* About this exercise *
Among the entries that follow, the required portion opens with the line containing "Zastosowanie - uniwersalna" and closes with the line containing "done with the". Give that portion again exactly, and nothing else.

(Data records Opens)

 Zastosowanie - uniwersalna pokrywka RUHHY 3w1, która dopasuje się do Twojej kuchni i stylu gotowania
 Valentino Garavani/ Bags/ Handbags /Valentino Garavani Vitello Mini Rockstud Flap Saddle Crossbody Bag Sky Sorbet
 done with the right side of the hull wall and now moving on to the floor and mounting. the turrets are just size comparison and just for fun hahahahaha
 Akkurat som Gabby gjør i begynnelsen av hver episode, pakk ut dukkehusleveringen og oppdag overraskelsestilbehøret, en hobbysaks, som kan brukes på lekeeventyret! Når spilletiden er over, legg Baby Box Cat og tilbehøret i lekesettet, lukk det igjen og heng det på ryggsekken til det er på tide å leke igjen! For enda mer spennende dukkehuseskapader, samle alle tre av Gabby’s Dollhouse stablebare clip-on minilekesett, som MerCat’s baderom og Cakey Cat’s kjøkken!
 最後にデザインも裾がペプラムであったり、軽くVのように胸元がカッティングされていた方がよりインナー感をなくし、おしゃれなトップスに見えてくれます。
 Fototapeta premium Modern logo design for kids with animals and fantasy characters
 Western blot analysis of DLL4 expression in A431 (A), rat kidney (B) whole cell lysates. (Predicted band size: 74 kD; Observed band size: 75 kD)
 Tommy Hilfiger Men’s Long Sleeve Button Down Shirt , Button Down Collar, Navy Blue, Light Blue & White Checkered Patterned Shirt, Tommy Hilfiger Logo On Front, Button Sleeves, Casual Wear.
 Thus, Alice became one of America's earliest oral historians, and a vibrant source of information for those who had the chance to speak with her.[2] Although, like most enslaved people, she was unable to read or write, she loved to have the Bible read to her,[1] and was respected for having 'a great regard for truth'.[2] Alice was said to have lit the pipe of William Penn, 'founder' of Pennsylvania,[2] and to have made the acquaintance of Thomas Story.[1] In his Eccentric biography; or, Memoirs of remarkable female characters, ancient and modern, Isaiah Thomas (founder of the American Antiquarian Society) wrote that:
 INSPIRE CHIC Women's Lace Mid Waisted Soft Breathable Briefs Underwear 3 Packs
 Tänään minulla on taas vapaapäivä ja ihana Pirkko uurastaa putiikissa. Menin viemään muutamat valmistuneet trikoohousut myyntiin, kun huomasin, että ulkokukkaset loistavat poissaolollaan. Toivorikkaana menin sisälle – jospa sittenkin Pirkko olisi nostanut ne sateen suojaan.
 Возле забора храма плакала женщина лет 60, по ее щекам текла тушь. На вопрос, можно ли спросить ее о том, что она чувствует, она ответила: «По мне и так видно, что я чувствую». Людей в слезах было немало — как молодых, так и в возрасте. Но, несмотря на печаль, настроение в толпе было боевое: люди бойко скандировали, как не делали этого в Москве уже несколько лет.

(Data records Closes)
(Data records Opens)

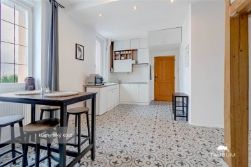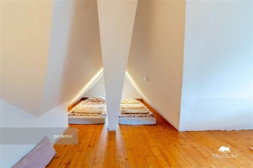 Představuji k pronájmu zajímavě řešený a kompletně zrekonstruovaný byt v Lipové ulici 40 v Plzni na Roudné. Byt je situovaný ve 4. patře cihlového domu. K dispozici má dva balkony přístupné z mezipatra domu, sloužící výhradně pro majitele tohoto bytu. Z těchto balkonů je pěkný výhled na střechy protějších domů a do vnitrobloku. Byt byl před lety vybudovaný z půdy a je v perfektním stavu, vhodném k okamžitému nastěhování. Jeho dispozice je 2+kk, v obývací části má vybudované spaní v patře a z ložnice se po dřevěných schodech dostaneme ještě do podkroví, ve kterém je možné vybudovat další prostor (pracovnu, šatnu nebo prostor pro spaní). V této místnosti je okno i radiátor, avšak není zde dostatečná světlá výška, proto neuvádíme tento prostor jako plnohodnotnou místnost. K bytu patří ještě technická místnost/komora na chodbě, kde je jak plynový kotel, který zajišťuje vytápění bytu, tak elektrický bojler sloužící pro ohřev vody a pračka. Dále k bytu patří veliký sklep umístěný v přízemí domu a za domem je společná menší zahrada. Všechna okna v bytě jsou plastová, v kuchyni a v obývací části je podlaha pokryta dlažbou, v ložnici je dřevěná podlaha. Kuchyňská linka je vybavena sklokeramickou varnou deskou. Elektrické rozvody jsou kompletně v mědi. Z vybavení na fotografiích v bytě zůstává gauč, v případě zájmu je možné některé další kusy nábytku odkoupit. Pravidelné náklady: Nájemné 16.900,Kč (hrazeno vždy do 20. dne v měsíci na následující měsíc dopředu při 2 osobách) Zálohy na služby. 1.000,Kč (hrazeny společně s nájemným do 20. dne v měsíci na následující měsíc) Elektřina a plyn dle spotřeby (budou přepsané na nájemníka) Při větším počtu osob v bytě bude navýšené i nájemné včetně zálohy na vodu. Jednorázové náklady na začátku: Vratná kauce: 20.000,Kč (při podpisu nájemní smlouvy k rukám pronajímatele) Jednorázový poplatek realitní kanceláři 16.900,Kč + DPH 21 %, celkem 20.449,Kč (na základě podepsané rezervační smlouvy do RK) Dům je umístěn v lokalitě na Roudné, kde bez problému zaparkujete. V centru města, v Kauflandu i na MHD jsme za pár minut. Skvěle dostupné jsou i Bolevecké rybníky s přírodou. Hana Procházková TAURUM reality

(Data records Closes)
(Data records Opens)

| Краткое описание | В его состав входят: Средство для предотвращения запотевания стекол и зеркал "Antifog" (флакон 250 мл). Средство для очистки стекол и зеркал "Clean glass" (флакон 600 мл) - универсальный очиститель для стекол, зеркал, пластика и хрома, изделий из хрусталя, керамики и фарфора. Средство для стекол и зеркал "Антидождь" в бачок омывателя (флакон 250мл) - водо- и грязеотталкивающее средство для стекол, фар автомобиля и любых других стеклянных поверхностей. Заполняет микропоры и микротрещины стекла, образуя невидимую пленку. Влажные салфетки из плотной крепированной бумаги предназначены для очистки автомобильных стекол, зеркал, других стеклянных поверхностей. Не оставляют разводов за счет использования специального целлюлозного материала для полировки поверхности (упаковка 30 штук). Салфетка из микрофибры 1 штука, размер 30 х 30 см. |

(Data records Closes)

* Result of this task *
 Zastosowanie - uniwersalna pokrywka RUHHY 3w1, która dopasuje się do Twojej kuchni i stylu gotowania
 Valentino Garavani/ Bags/ Handbags /Valentino Garavani Vitello Mini Rockstud Flap Saddle Crossbody Bag Sky Sorbet
 done with the right side of the hull wall and now moving on to the floor and mounting. the turrets are just size comparison and just for fun hahahahaha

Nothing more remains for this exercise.